Could the listing below be returned exactly, with its pictures left out?

═══ Data extract ═══

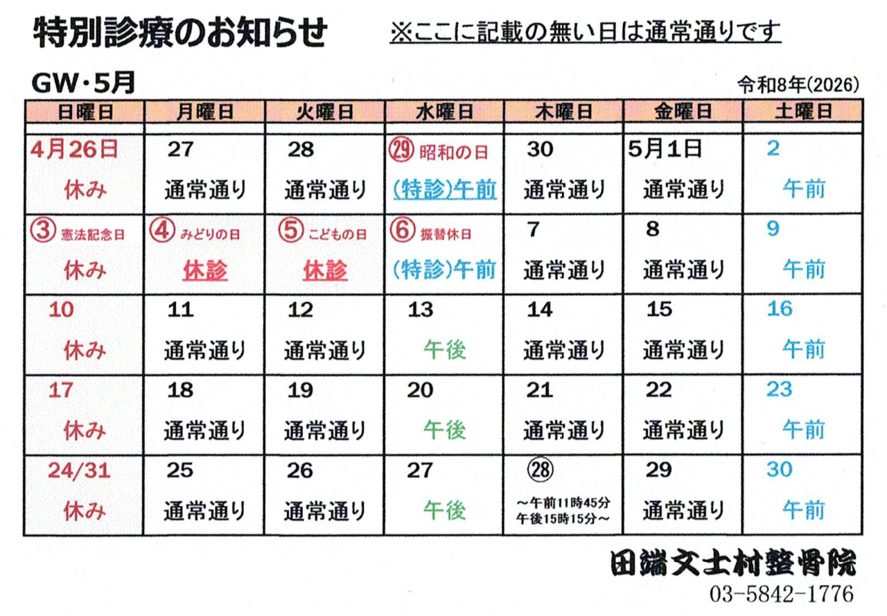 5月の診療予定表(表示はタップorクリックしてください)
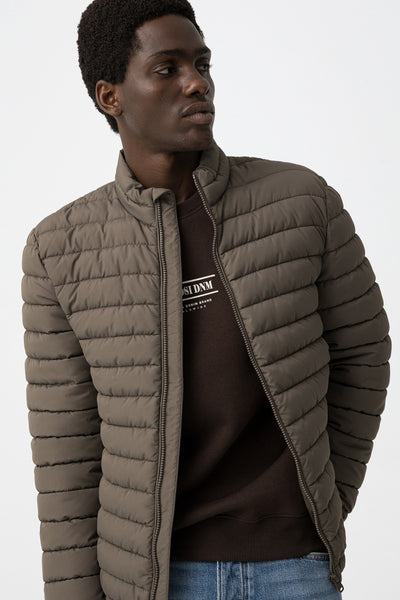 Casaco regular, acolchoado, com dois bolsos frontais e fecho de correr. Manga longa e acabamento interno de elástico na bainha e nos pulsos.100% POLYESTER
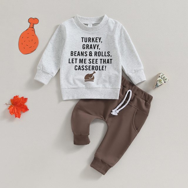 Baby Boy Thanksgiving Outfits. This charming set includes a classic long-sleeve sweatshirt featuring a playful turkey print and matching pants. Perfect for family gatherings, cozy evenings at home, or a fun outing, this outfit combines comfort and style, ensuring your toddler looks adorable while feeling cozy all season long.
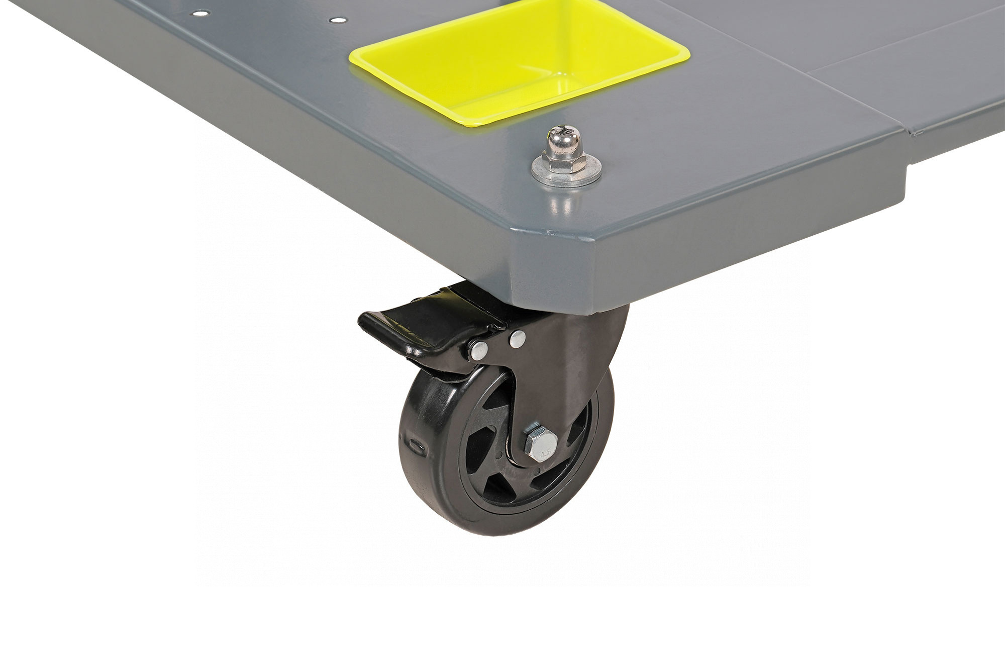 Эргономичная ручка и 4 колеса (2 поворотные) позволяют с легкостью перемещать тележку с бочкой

═══

__Output below__
 5月の診療予定表(表示はタップorクリックしてください)
 Casaco regular, acolchoado, com dois bolsos frontais e fecho de correr. Manga longa e acabamento interno de elástico na bainha e nos pulsos.100% POLYESTER
 Baby Boy Thanksgiving Outfits. This charming set includes a classic long-sleeve sweatshirt featuring a playful turkey print and matching pants. Perfect for family gatherings, cozy evenings at home, or a fun outing, this outfit combines comfort and style, ensuring your toddler looks adorable while feeling cozy all season long.
 Эргономичная ручка и 4 колеса (2 поворотные) позволяют с легкостью перемещать тележку с бочкой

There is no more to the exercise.